The Faroe Islands

 

In the middle of the North Atlantic ocean lies the Faroe Islands. A destination that has always resembled something magical to me, both with its remoteness and it's treeless landscape. During my years of studying landscape architecture I've become close friends with Casper, a fellow landscape student and just as much of a nature lover as me. He spent 2 years of his childhood on the Faroe Islands with his family in the early nineties and hasn't been back since. In the recent years he must have felt an urge to return and he began talking about this with me. In December 2015 when collaborating on an landscape architecture project, we collectively decided that we'd go and experience The Faroe Islands together. It was not until the airplane escaped the thick fog and the green and rocky land appeared below us that we realised - we are here. 

 
 

Itinerary

Day 1: Tórshavn & Velbastaður
Day 2: Kvívík, Vestmanna, Sørvágsvatn & Gásadalur
Day 3: Mykines
Day 4: Hósvík, Æðuvík & Nes
Day 5: Eiði, Funningur & Gjógv
Day 6: Saksun
Day 7: Klaksvík & Múli
Day 8: Tjørnvík

 

Day 1 - Tórshavn & Velbastaður

Although we arrived in the afternoon, we still like to call it our first day. From the airport in Vágar we took a shared cab and got dropped off in Tórshavn to pick up our car - the most important asset to the trip! From here, eager to explore, we drove up past the house where Casper grew up and then continued down one of the many curvy roads, all of which were almost entirely concealed by the heavy fog. We stopped to gaze at a waterfall or a vivid stream, which we later found was Kaldbaksbotnur. I won't forget that feeling of standing there on the soft moss, inhaling what has got to be the worlds freshest, purest air. 
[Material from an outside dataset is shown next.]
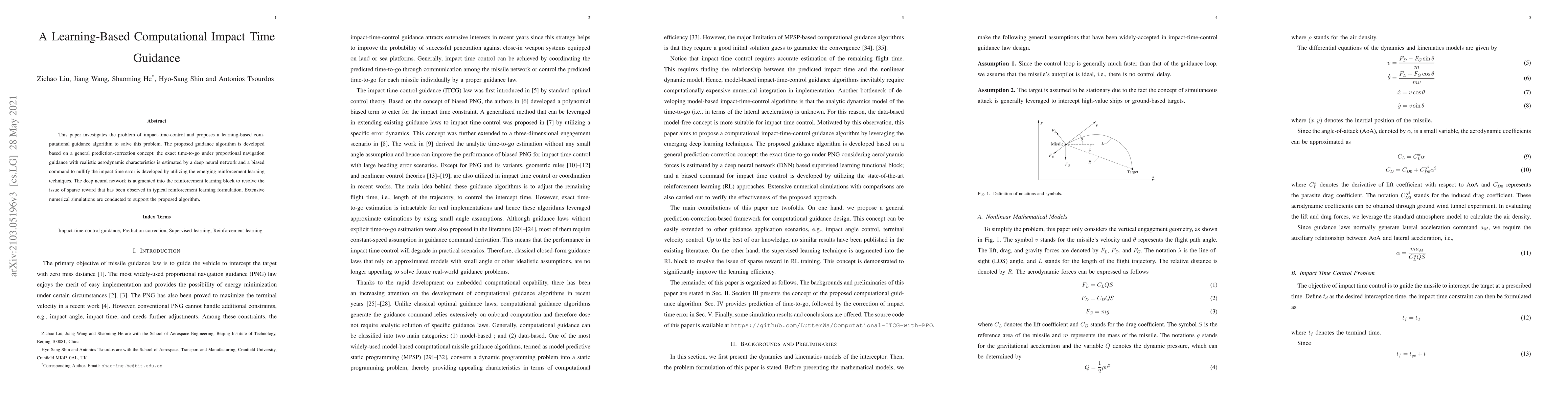 A learning-based algorithm is proposed to guide impact-time-control in navigation, using a deep neural network to predict time-to-go and reinforcement learning to adjust the command for a safe landing.

We drove to Argir, a little community next to Tórshavn where we'd spent the next 5 days in the home of friends. After dinner we drove to Velbastaður where we encountered the first herd of sheep. There are many stories of the sheep here, but a fact is that there are more sheep than there are people on the Faroe Islands. Another one concerns the name of the islands, which comes from the Old Norse word for sheep - Fær. So Faroe Islands means the islands of sheep.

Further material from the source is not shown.